Ingredients
Scale
INGREDIENTS FOR 🥄 SWEET POTATO CASSEROLE
Sweet Potato Base
-
- 4–5 medium sweet potatoes, peeled and chopped
-
- 1/2 cup unsalted butter, melted
-
- 1/2 cup brown sugar
-
- 1/4 cup milk
-
- 1 tsp vanilla extract
-
- 1/2 tsp salt
-
- 1/2 tsp cinnamon
-
- Optional: 1/4 tsp nutmeg
Marshmallow Topping
-
- 2 cups mini marshmallows (or large marshmallows cut in half)
Instructions
👩🍳 STEP-BY-STEP INSTRUCTIONS
1. Cook the Sweet Potatoes
- Peel and chop the sweet potatoes into roughly 2-inch chunks for even cooking.
- Place them in a large pot, cover with cold water, and bring to a boil.
- Reduce heat and simmer until tender (20–25 minutes).

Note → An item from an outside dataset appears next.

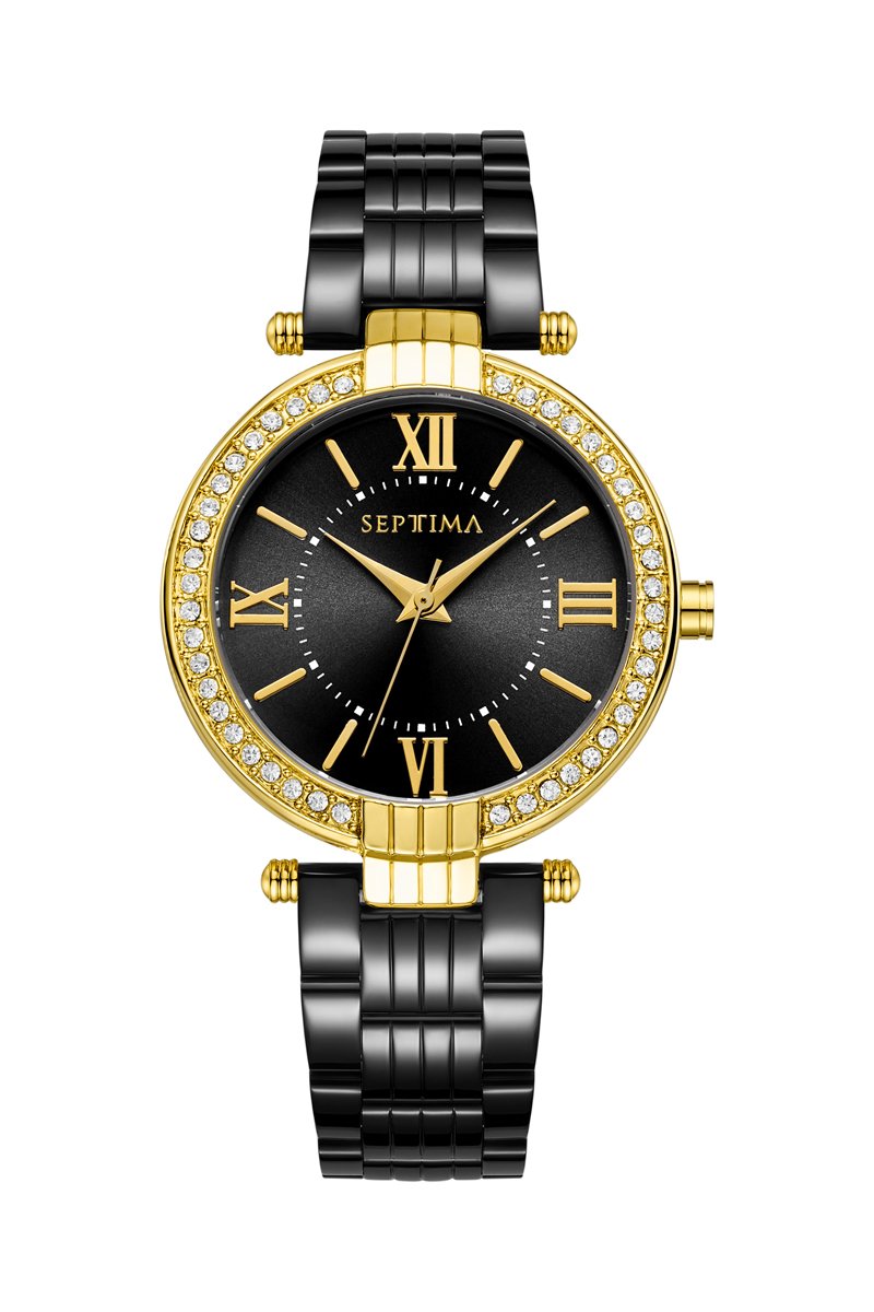 Reloj de cuarzo de acero - Negro y dorado
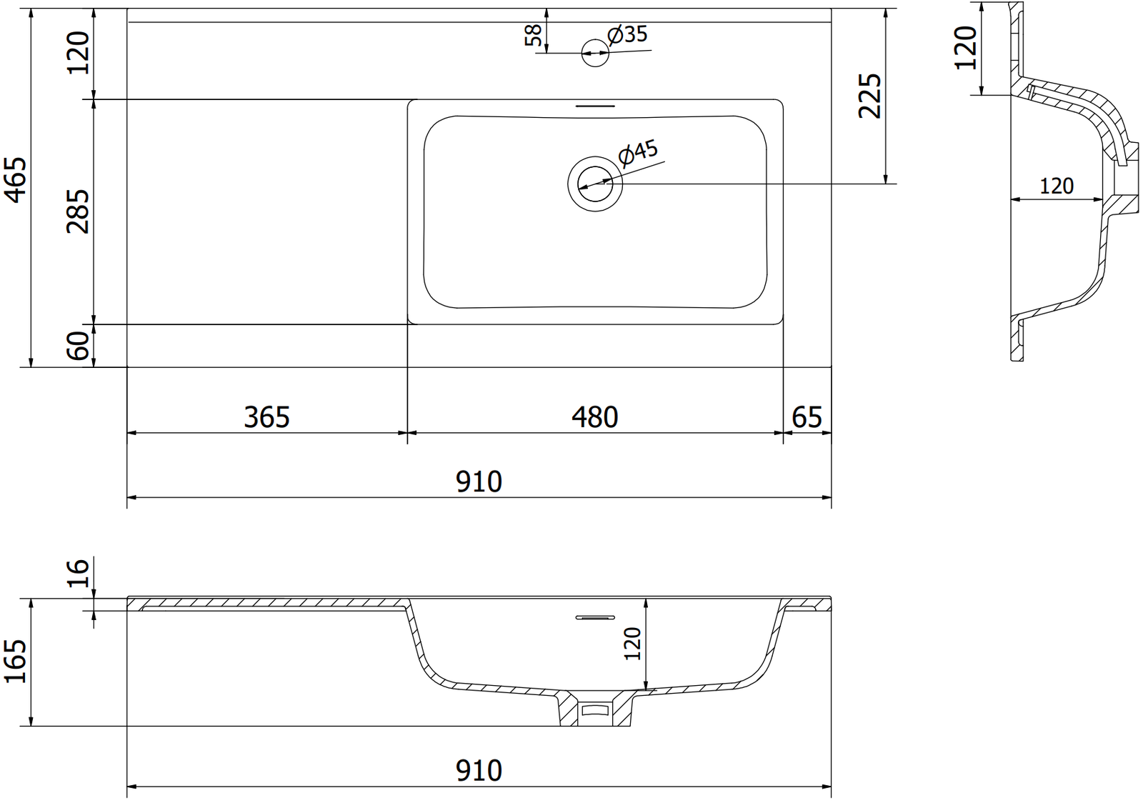 Materiál umyvadla: Kompozit

- Drain well and transfer to a large mixing bowl or pot.
2. Mash the Sweet Potatoes
- Mash the sweet potatoes with a potato masher or hand mixer until mostly smooth, leaving a few small chunks for texture.
- Stir in melted butter, brown sugar, milk, vanilla extract, salt, cinnamon, and nutmeg (if using).

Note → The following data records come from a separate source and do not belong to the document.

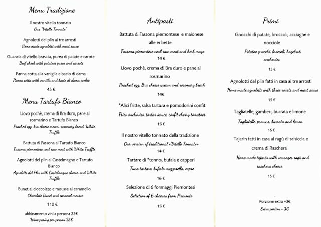 10/10+1Really, really…you should go here when in Alba! Fantastic food… creatively, prepared with local ingredients and attention to detail. Truly delicious. Our server was knowledgeable and attentive, but not overpowering in her presence. The prices were very reasonable for the quality of the food. I can highly recommend this place!!!
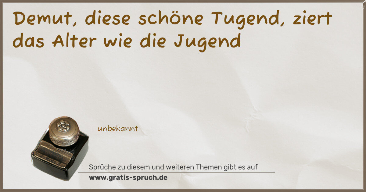 Demut, diese schöne Tugend, ziert das Alter wie die Jugend
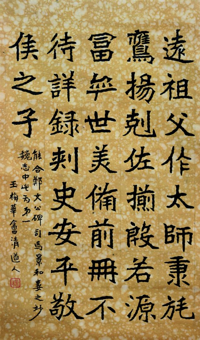 其次是因为他具有深厚的语言文字学修养。李瑞清说:“余书本从篆分入,学书不学篆,犹文家不通经也。故学书必自通篆始,学篆必神游三代,目无二李(谓李斯、李阳冰),乃得佳耳。”(《清道人遗集》158页《玉梅花庵书断》)他从小就开始学习语言学知识,尝云:“瑞清幼习训诂,钻研六书,考览鼎彝。”(《清道人遗集》34页《报陶心云书》)蒋国榜也称其“就傅读,喜诵秦汉文,又潜治《说文》、《三礼》、《公羊》何氏学,塾师强习功令文,不顾也。”(《清道人遗集》97页《临川李文洁公传略》)深厚的语言文字学知识不仅为他学习书法奠定了坚实的基础,而且也增加了他书法作品的学术含量。如他在《跋汉五斗鍪拓本》中,就引用了《说文》、《广雅》、《急就篇》、《汉书》颜师古注、《考工记》及注、《钟鼎款识》、《三礼图》对“鍪”的音义与形状作了详细考证。下面再举一例,其《鲁孝王石刻跋》云:“年本从禾,上作垂笔,乃由篆初入隶形耳。”(《清道人遗集》140页)此跋使我们充分地认识到文字学知识对于书法是多么的重要。

- Taste and adjust sweetness or seasoning as desired.
- Transfer the mash to a greased 9×13-inch baking dish and smooth the surface with a spatula.
3. Add the Marshmallow Topping
- Scatter mini marshmallows evenly over the sweet potato layer.
- For best results, press marshmallows lightly into the mash to help them adhere.
- Ensure an even layer for uniform browning.
4. Bake the Casserole
- Preheat oven to 350°F (175°C).
- Bake uncovered for 20–25 minutes until the casserole is heated through and the marshmallows begin to puff.
5. Toast the Marshmallows
- For a golden toasted top, switch oven to broil on high for 1–3 minutes.
- Keep a close eye — marshmallows can go from golden to burnt in seconds.
- Rotate the dish as needed for even browning.
6. Cool & Serve
- Let the casserole rest 5–10 minutes before serving.
- Scoop into bowls or onto plates and enjoy the warm, gooey marshmallow topping with creamy sweet potato mash.